The company will recommend a dividend of 0.70 euros ($0.7374) per share, down from 3.30 euros a share in 2021, at a May 11 annual general meeting, it said.
Adidas shares recovered from early losses to trade up 1.6% by 1530 GMT. They have outperformed rivals Puma and Nike since the start of this year, in a sign that investors back Gulden.
“We believe the shares fail to discount the time it will take to rebuild the brand and margins,” Credit Suisse analyst Simon Irwin said in a note.
The company cut ties with Ye in October following a series of antisemitic comments he made on social media and in interviews which also prompted Twitter and Instagram to restrict his accounts on their platforms.
Gulden said Adidas was still deciding what to do with its stock of unsold Yeezy footwear. Burning the shoes poses a sustainability issue, he said, while giving them away to charity is complicated due to their resale value, which has surged since the split.
A pair of Yeezy 350 “Zebra” shoes is now selling for between $340 and $360, compared to around $260 four months ago, according to John Mocadlo, CEO of US sneaker reseller Impossible Kicks.
One option could be for Adidas to donate proceeds from the sale of repurposed Yeezy stock to charity, Gulden said.
The split cost Adidas 600 million euros ($632 million) in sales in the fourth quarter of 2022, and Yeezy shoes would have brought in an estimated $1.2 billion in revenue this year.

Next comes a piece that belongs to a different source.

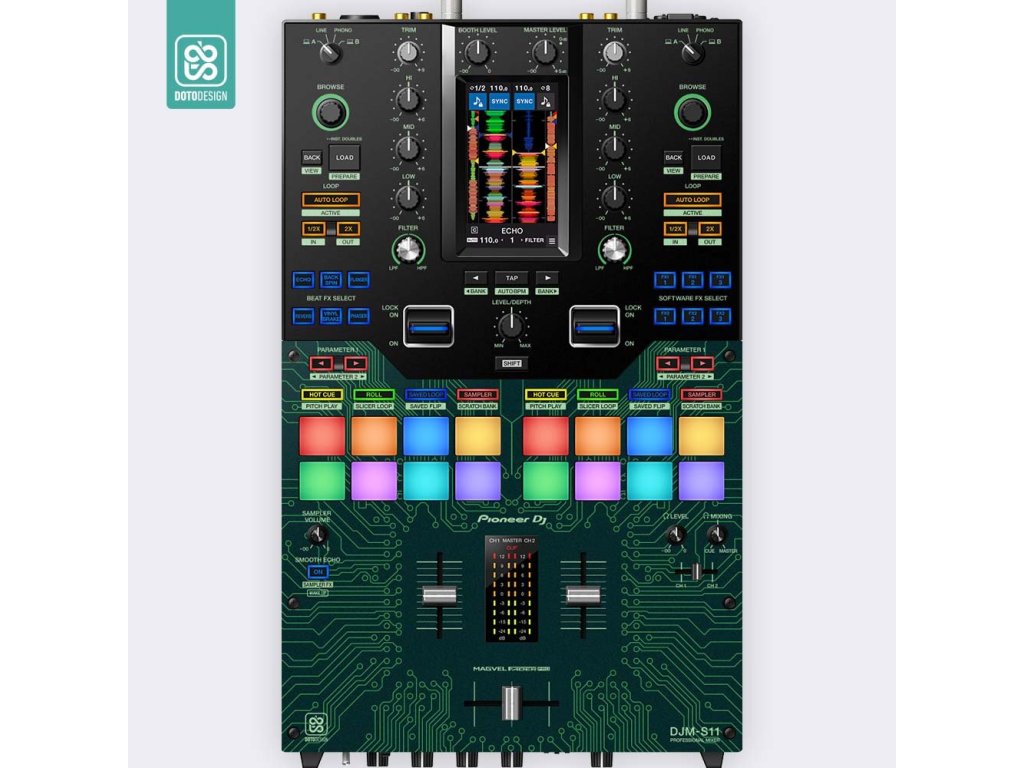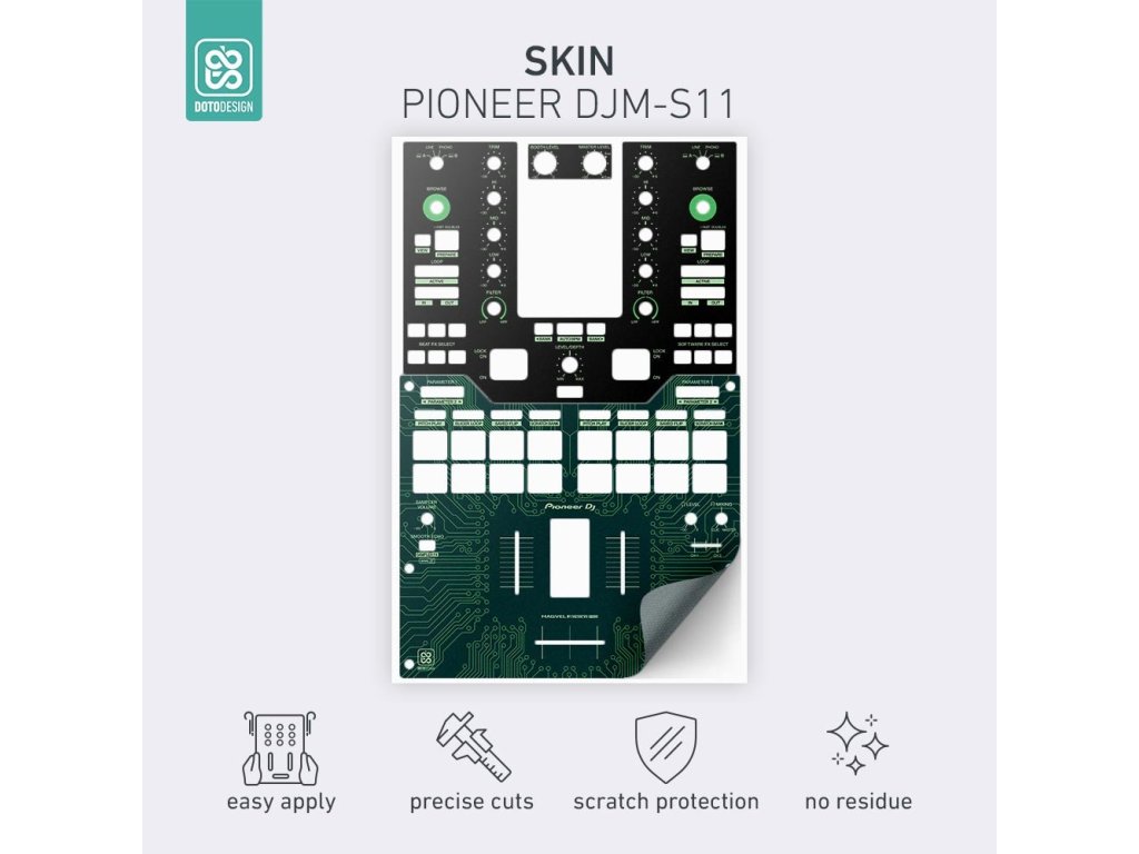 Naklejka na mikser Pioneer DJM-S11 w wersji TECH, inspirowana światem elektroniki w futurystycznym stylu. Kolor light green (jasnozielony).

Gulden said ending Yeezy – a decision that predated his taking the helm – was the right thing to do but added that it was “very sad” and that it would take time for Adidas to build a new brand that is as influential.
Plugging the gap left by Yeezy will not be easy, Gulden said.
One area of growth he pointed to was a trend for “terrace” style sneakers like the Samba, Gazelle, and Spezial. He said a pop-up store in Shanghai selling Samba shoes drew queues of shoppers earlier this week.
“For the first time in a long, long, time people are lining up to buy an Adi product that is not Yeezy.”
Overall, Gulden said Adidas needed to reduce inventory levels and do less discounting. Inventories came in at just under 6 billion euros at the end of December, up 49% from the previous year, including 400 million euros of Yeezy products.
The company forecast 2023 underlying operating profit at roughly breakeven when taking into account the $500-million loss from not selling existing Yeezy stock.
If Adidas decides not to repurpose the products, it will write the inventory off altogether, denting profit by another $500 million. That, along with $200 million of one-off costs, would bring Adidas to a $700-million loss this year.
RBC analysts said they see the full write-down as the most likely scenario.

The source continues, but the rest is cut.